Indeed, it is fully contemplated herein that in other embodiments
of the present disclosure, the operations depicted in FIG. 7 and/or
other operations described herein, may be combined in a manner not
specifically shown in any of the drawings, but still fully
consistent with the present disclosure. Thus, claims directed to
features and/or operations that are not exactly shown in one
drawing are deemed within the scope and content of the present
disclosure.
[0074] As used in this application and in the claims, a list of
items joined by the term "and/or" can mean any combination of the
listed items. For example, the phrase "A, B and/or C" can mean A;
B; C; A and B; A and C; B and C; or A, B and C. As used in this
application and in the claims, a list of items joined by the term
"at least one of" can mean any combination of the listed terms. For
example, the phrases "at least one of A, B or C" can mean A; B; C;
A and B; A and C; B and C; or A, B and C.
[0075] As used in any embodiment herein, the terms "system" or
"module" may refer to, for example, software, firmware and/or
circuitry configured to perform any of the aforementioned
operations. Software may be embodied as a software package, code,
instructions, instruction sets and/or data recorded on
non-transitory computer readable storage mediums. Firmware may be
embodied as code, instructions or instruction sets and/or data that
are hard-coded (e.g., nonvolatile) in memory devices. "Circuitry",
as used in any embodiment herein, may comprise, for example, singly
or in any combination, hardwired circuitry, programmable circuitry
such as computer processors comprising one or more individual
instruction processing cores, state machine circuitry, and/or
firmware that stores instructions executed by programmable
circuitry or future computing paradigms including, for example,
massive parallelism, analog or quantum computing, hardware
embodiments of accelerators such as neural net processors and
non-silicon implementations of the above. The circuitry may,
collectively or individually, be embodied as circuitry that forms
part of a larger system, for example, an integrated circuit (IC),
system on-chip (SoC), desktop computers, laptop computers, tablet
computers, servers, smartphones, etc.
[0076] Any of the operations described herein may be implemented in
a system that includes one or more mediums (e.g., non-transitory
storage mediums) having stored therein, individually or in
combination, instructions that when executed by one or more
processors perform the methods. Here, the processor may include,
for example, a server CPU, a mobile device CPU, and/or other
programmable circuitry. Also, it is intended that operations
described herein may be distributed across a plurality of physical
devices, such as processing structures at more than one different
physical location. The storage medium may include any type of
tangible medium, for example, any type of disk including hard
disks, floppy disks, optical disks, compact disk read-only memories
(CD-ROMs), compact disk rewritables (CD-RWs), and magneto-optical
disks, semiconductor devices such as read-only memories (ROMs),
random access memories (RAMs) such as dynamic and static RAMs,
erasable programmable read-only memories (EPROMs), electrically
erasable programmable read-only memories (EEPROMs), flash memories,
Solid State Disks (SSDs), embedded multimedia cards (eMMCs), secure
digital input/output (SDIO) cards, magnetic or optical cards, or
any type of media suitable for storing electronic instructions.

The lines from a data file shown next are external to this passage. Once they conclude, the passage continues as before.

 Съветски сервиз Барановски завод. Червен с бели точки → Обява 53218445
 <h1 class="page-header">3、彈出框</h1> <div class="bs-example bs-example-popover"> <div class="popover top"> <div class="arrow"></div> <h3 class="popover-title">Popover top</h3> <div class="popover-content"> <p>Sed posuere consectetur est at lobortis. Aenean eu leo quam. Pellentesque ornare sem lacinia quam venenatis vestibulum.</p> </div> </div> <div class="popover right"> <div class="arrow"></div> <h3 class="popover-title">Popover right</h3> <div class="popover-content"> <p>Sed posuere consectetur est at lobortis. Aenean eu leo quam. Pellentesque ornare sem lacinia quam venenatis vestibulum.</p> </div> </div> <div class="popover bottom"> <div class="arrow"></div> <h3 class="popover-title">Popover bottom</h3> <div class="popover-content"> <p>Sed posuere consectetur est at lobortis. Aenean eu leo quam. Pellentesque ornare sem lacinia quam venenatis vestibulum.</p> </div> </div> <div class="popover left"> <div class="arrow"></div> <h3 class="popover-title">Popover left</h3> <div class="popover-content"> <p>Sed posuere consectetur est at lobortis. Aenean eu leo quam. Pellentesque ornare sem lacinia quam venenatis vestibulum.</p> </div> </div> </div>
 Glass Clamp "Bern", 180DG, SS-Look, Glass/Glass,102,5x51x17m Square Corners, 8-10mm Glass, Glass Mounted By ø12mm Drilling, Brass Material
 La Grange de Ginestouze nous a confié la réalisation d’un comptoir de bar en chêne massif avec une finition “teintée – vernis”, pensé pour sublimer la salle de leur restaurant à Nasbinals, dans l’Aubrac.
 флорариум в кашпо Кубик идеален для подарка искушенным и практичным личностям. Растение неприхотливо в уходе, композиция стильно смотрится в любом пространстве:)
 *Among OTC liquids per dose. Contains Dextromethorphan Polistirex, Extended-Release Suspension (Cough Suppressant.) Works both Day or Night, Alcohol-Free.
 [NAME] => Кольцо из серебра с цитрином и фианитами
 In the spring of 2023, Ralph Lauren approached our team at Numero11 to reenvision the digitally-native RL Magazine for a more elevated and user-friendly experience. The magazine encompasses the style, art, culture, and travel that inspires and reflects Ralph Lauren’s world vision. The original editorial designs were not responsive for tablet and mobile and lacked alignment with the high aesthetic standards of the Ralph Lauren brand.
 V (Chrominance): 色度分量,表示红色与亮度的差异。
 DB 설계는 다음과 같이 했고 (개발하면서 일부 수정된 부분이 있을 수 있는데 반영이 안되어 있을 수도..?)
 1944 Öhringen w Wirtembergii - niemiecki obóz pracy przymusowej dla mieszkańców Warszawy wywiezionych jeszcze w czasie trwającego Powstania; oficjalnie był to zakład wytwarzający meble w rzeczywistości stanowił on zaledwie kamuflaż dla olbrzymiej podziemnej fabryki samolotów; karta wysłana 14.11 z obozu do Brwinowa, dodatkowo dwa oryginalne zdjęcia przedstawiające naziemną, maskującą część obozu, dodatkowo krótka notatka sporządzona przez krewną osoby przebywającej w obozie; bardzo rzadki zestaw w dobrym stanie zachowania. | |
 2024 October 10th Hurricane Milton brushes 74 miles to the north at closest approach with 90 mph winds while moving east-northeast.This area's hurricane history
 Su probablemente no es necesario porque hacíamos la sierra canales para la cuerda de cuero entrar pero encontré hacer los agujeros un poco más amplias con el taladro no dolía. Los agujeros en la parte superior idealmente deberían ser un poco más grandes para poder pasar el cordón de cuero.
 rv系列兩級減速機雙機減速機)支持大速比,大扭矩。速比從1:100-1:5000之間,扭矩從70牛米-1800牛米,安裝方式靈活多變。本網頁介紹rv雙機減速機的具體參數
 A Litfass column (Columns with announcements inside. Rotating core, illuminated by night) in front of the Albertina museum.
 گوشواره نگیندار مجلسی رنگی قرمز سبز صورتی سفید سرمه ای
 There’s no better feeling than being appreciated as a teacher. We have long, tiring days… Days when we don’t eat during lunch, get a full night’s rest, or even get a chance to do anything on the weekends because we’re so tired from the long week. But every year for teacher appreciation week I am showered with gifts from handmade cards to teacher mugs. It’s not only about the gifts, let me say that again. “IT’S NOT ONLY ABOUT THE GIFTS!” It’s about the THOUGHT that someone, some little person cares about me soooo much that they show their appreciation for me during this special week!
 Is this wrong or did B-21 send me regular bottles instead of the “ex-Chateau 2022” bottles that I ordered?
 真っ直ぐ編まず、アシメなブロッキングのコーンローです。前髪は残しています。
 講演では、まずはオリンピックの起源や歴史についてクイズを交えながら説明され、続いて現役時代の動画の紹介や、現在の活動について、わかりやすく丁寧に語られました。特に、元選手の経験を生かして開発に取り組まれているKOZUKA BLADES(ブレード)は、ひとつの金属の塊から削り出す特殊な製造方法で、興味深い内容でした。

Other embodiments may be implemented as software executed by a
programmable control device.
[0077] Thus, the present disclosure is directed to systems and
methods for providing a speech coaching to a speaker. The system
may include data gathering circuitry to collect audio, video, and
biometric data generated by a speaker during a presentation. All or
a portion of the collected audio, video, and biometric data may be
stored or otherwise retained on one or more storage devices. All or
a portion of the collected audio, video, and biometric data may be
forwarded to the presentation analysis circuitry. The presentation
analysis circuitry detects at least one of: an audio presentation
event; a video presentation event; or a biometric presentation
event based at least in part on the collected audio, video, and
biometric data received from the data gathering circuitry. The
detected audio presentation event; a video presentation event; or a
biometric presentation event may be beneficial or detrimental to
the effectiveness of the speaker's presentation. The presentation
analysis circuitry forwards the detected audio presentation event;
a video presentation event; or a biometric presentation event to
the presenter feedback circuitry. The presenter feedback circuitry
generates feedback for presentation to the speaker. The feedback
provided by the presenter feedback circuitry may reinforce positive
aspects of the speaker's presentation and provide corrective
suggestions for the negative aspects of the speaker's
presentation.
[0078] The following examples pertain to further embodiments. The
following examples of the present disclosure may comprise subject
material such as at least one device, a method, at least one
machine-readable medium for storing instructions that when executed
cause a machine to perform acts based on the method, means for
performing acts based on the method and/or a system for providing
an autonomous public speaking coaching system.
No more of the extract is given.